U being in Pcola, Outcast would be good.....depending on your location. Mike's gun shop will do em also.


----------



## Hobart (Nov 27, 2012)

I use Ron's Pawn shop in Milton he's only 25 bucks. But I doubt you would want to make that drive if your in Pensacola.


----------



## Fish on! (Apr 20, 2008)

Thanks guys


----------



## Telum Pisces (Sep 27, 2007)

Little Jacks Guns up in Milton is where I drive to from Navarre. Worth the drive just to shoot the crap and deal with a small town FFL vs. a shop. I know Nate's price is cheaper too.


----------



## CHUMM BUCKET (Jul 2, 2008)

USA performance on hwy 29

$25. Nice guys


----------



## Ragon210 (Jul 11, 2013)

CHUMM BUCKET said:


> USA performance on hwy 29
> 
> $25. Nice guys


X2 for USA I have used them many times, and there store is cool to look around

drove down firestone today and there was a FISH ON in a drive way, is that you?


----------



## welldoya (Oct 5, 2007)

Little Jack's in Milton is who I use. Cheaper than most and he's a good guy.

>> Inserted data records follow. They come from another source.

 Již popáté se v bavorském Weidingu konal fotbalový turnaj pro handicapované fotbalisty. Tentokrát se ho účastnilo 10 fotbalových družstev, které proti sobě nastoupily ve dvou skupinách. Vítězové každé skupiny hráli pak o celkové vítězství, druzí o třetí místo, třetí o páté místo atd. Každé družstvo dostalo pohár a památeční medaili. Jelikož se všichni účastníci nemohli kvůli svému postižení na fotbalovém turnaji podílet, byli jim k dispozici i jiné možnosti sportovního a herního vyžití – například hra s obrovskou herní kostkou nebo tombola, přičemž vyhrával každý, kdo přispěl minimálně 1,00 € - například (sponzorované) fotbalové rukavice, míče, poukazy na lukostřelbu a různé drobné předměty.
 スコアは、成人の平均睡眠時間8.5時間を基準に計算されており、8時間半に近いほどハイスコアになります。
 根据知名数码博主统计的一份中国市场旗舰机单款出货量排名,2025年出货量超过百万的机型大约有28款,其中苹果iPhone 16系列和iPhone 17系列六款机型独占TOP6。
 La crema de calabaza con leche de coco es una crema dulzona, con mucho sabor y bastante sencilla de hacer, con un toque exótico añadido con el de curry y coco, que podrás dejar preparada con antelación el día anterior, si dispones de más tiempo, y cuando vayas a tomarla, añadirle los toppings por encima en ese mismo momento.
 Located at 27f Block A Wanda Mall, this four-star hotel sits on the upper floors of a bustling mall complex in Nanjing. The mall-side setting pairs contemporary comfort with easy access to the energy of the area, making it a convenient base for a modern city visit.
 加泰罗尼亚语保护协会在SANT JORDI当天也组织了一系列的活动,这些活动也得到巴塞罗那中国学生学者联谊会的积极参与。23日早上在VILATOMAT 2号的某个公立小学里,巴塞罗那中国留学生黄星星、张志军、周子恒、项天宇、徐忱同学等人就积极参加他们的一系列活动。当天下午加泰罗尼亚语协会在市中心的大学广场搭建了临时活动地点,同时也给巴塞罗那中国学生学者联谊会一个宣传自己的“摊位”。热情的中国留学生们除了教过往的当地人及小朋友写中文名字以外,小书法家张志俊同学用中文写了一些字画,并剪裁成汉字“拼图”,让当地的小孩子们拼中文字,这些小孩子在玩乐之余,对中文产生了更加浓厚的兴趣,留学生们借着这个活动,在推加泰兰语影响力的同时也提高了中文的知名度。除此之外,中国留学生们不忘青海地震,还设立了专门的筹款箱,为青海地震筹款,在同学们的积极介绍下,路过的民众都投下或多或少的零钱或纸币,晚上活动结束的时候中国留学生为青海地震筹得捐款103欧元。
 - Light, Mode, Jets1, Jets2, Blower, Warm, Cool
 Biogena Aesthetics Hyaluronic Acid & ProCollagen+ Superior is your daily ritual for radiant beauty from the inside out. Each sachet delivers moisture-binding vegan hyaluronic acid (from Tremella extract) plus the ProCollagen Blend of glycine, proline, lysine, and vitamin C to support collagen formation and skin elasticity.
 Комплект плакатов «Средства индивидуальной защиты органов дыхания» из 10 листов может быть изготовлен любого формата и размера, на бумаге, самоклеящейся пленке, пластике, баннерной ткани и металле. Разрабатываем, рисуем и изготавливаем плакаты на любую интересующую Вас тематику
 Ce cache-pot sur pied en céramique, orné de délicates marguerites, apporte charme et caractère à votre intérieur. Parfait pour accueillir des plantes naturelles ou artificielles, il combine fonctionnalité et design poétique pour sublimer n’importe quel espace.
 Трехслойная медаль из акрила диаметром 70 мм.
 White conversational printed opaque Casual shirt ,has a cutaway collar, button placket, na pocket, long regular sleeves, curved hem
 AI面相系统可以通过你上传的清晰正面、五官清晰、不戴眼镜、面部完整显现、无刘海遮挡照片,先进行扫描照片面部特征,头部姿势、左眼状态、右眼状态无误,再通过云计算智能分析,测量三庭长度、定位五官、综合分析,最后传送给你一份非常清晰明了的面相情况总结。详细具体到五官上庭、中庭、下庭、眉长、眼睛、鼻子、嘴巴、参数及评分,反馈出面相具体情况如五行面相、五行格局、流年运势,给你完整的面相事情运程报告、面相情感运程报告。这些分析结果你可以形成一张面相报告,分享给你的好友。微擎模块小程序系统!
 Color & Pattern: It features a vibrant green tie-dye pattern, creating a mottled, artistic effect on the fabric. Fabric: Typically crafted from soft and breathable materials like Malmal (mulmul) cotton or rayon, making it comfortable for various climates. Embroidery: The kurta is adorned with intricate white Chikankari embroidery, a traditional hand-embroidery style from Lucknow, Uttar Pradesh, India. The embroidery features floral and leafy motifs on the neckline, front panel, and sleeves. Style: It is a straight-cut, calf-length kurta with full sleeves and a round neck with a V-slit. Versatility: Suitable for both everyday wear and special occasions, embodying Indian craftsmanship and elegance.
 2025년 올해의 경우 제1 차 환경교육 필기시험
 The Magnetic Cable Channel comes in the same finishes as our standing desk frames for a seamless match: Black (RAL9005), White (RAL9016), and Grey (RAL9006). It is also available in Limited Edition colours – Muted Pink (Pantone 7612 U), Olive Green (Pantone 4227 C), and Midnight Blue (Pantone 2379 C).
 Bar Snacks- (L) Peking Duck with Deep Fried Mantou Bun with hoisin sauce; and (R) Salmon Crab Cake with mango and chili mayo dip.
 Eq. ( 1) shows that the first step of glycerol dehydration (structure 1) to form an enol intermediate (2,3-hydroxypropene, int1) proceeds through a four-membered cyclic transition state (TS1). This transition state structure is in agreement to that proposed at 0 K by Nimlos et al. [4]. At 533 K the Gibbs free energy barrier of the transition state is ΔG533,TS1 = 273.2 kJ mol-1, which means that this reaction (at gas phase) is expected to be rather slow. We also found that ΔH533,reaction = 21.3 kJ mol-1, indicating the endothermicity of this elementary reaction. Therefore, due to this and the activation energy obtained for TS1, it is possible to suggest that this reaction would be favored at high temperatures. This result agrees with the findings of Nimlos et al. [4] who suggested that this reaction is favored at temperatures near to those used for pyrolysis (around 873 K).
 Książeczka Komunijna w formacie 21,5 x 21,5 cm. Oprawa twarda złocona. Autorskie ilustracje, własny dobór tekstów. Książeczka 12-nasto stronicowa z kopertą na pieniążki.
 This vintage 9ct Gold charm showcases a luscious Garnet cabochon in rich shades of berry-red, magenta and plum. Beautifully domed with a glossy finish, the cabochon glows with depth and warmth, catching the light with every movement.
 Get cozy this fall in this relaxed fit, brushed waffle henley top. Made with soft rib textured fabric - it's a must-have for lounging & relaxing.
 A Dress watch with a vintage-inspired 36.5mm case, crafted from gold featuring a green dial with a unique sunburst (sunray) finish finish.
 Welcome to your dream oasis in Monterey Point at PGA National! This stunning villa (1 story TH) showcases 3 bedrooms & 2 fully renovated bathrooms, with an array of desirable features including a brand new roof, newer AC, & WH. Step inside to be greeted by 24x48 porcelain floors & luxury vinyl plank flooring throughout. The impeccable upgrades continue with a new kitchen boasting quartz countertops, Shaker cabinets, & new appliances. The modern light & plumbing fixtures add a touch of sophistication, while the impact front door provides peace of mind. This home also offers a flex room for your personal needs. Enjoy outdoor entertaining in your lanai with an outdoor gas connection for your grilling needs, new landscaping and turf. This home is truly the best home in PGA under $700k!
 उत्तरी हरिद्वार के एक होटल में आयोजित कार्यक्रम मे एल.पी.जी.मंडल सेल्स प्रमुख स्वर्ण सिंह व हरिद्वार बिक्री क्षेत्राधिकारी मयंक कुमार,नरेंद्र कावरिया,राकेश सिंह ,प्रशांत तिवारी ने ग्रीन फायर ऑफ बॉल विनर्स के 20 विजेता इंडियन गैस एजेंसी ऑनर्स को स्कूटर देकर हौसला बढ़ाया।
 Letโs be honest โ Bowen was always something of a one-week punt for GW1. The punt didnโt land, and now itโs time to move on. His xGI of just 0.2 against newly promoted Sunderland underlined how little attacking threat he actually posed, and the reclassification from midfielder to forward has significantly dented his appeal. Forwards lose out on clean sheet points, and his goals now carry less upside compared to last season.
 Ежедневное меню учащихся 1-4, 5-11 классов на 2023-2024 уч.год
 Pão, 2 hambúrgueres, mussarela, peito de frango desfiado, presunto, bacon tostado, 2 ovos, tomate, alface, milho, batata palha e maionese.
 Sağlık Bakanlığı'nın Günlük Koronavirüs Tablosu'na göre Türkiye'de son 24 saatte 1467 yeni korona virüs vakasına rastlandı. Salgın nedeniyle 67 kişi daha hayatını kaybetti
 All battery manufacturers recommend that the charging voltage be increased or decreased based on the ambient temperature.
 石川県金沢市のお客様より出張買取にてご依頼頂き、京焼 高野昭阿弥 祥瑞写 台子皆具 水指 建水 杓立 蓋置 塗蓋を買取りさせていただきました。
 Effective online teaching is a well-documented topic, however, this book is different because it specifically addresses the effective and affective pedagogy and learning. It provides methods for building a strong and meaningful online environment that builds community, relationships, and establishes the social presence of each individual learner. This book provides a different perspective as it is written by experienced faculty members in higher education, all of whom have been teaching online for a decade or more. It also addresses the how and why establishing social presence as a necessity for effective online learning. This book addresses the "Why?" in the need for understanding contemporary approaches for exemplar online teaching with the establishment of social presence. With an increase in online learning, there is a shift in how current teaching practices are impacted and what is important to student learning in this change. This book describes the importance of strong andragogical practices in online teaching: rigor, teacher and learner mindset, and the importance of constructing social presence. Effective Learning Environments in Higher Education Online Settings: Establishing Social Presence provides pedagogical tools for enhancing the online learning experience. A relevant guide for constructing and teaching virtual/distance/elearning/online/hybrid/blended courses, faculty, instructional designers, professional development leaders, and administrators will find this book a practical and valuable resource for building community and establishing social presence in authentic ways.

Whoever you use, $25 is top dollar. Don't pay more than that.


----------



## VA Boy (Feb 19, 2012)

Coastal Gun and Ammo. Good folks and good transfer fees


----------



## Outside9 (Apr 30, 2008)

Telum Pisces said:


> Little Jacks Guns up in Milton is where I drive to from Navarre. Worth the drive just to shoot the crap and deal with a small town FFL vs. a shop. I know Nate's price is cheaper too.


Me too


----------